:: Exercise objective ::
Below are entries; copy exactly the lines from the one with "Skládá se z" through the one with "E Money Network rolls", both included, and leave out the rest.

:: Provided data ::
= Beginning of Section =
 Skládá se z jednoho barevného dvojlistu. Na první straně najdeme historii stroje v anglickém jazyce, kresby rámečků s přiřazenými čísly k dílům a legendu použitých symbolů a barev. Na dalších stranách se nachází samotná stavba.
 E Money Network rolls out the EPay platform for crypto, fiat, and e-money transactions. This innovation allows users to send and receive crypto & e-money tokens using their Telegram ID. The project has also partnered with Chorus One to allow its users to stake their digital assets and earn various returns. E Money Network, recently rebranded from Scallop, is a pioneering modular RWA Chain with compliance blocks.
= End of Section =
= Beginning of Section =
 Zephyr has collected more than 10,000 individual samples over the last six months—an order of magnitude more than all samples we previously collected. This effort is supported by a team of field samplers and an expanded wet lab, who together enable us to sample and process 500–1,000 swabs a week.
= End of Section =
= Beginning of Section =
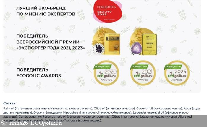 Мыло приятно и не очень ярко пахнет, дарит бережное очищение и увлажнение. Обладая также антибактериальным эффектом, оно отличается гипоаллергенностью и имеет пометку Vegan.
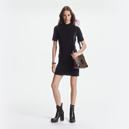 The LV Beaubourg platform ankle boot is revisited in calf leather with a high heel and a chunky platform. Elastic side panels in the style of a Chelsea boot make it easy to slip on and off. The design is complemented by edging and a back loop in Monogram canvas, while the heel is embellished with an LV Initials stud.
= End of Section =
:: Solution for this exercise ::
 Skládá se z jednoho barevného dvojlistu. Na první straně najdeme historii stroje v anglickém jazyce, kresby rámečků s přiřazenými čísly k dílům a legendu použitých symbolů a barev. Na dalších stranách se nachází samotná stavba.
 E Money Network rolls out the EPay platform for crypto, fiat, and e-money transactions. This innovation allows users to send and receive crypto & e-money tokens using their Telegram ID. The project has also partnered with Chorus One to allow its users to stake their digital assets and earn various returns. E Money Network, recently rebranded from Scallop, is a pioneering modular RWA Chain with compliance blocks.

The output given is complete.